Sean mengingatkannya tentang pergi berkemah esok hari. Hannie baru saja menonton ramalan cuaca dan diperkirakan besok hari akan cerah. Mr. Yves duduk di sofa seperti biasa, air jahe ada di hadapannya. Dia benar-benar pecinta air jahe.

"Dad..."  Hannie bergabung dengannya. Mr. Yves mengangkat wajah dan mengangguk. "Aku akan pergi berkemah besok."

Mr. Yves tampak terkejut. "Berkemah?!"  Dia mengulangi ucapan Hannie dan nada bicaranya seolah dia tidak percaya dengan apa yang dia dengar. Rasanya kata berkemah dan Yves Hannie memang tidak pernah ditakdirkan untuk bersama.

"Ya... Teman-temanku di sekolah membicarakan itu. Ada satu tempat yang ingin aku kunjungi, banyak yang sudah pergi ke tempat itu."

"Menginap?!"

Cepat-cepat Hannie menggeleng. "Tentu saja tidak. Aku akan berangkat pagi buta dan kembali sore, jadi aku sudah tiba di rumah menjelang malam."

"Dimana lokasinya?"

"Di perbatasan."

"Mobil tua kita tidak akan bisa sampai ke perbatasan dengan mudah."

Hannie kembali mengangguk cepat. "Aku tahu, karena itu aku memutuskan untuk pergi dengan menumpang. Ada banyak travel yang akan mengantar orang ke lokasi itu."

Hannie tahu Mr. Yves tidak mudah untuk diyakinkan. Kedua alisnya masih bertaut dan keningnya berkerut. Ayahnya pasti berpikir bahwa mungkin saja Hannie memiliki janji dengan seorang cowok---dan itu benar, tentu saja. Sayangnya Hannie memang tidak ingin memberitahunya dengan siapa dia akan pergi berkemah. Tidak karena Mr. Yves pasti akan membuat Sean mengizinkannya untuk ikut berkemah juga. Mr. Yves benar-benar menyukai Sean.

Jadi keesokan paginya, Hannie bangun pukul empat. Dia sudah menyiapkan semua keperluan yang ingin dia bawa. Tas besar berisi pakaian ganti dan mantel hangat dan beberapa bungkus mi instan bersandar pada daun pintu. Beruntung Mr. Yves mendapat panggilan penting dari rumah sakit yang mengharuskannya datang diluar jam bekerja. Ada operasi penting yang harus dilakukan dan pihak rumah sakit meminta Mr. Yves untuk melakukannya.

Sean datang pukul lima. Dia memakai celana kargo berwarna khaki, mantel sangat tebal berwarna putih, dan beanie berwarna hitam. Dia juga memakai syal yang membungkus erat lehernya.

"Hai..."  Sean menarik Hannie ke dalam pelukan.

Tas besar Hannie bergabung dengan tas Sean yang juga tidak kalah besar di kursi penumpang. "Kau sangat siap..."  Hannie menggodanya. Sean tersenyum dan mulai menginjak pedal gas. "Apa saja yang kau bawa?!"

"Beberapa peralatan dan pakaian ganti.

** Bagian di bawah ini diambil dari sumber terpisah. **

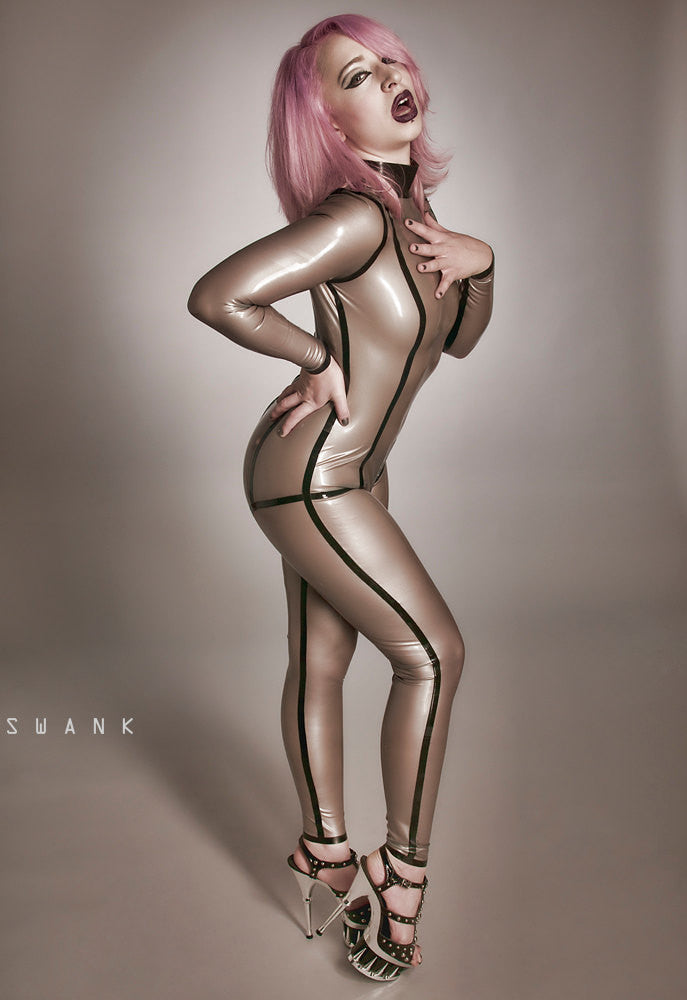 This catsuit is made-to-measure for a perfect fit, constructed with a princess seam base to hug all the curves and detailed with contrast trim on every seam. Also features a 3-way zipper that runs from the back through to the crotch for easy dressing and convenient crotch access. Shown in semi-trans metallic silver with black trim. Available in any color combo! Get kinky and creative ;)

Aku juga meminjam tenda dari Dad."

"Apa jalurnya akan sulit?!"

"Tidak terlalu,"  Sean menoleh lalu tersenyum. "Aku sudah pernah mengunjungi tempat itu sebelumnya, dengan sepupuku. Ada danau besar yang akan membeku di musim dingin dan kita bisa memancing di sana."

"Kalian mendapat banyak ikan?!"

"Yep... Ikan-ikan kecil. Kau pasti akan senang. Pemandangannya menakjubkan."

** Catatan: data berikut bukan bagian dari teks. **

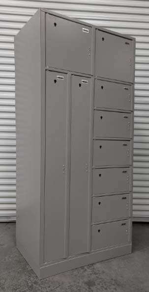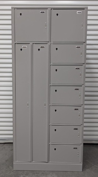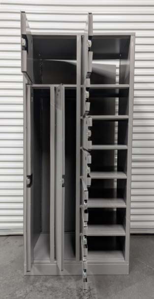 Used  pass through evidence locker in good condition, perfect for police departments, security offices, schools, or businesses that need secure storage. Features multiple locking compartments in various sizes, ideal for organizing evidence, valuables, documents, or personal items. Sturdy metal construction with a durable neutral finish. All doors close securely and show normal wear from use. Clean, solid, and ready for service.

"Aku tidak sabar..."  Sean tertawa. Hannie bersandar pada punggung kursi. Mobil melaju pelan menembus kabut tebal. Hawa pagi itu sangat dingin. Musik lembut mengalun dari radio mobil membuat Hannie mengantuk.

"Tidurlah... Aku akan membangunkanmu kalau kita sudah sampai."  Dan Hannie benar-benar jatuh ke alam mimpi setelahnya.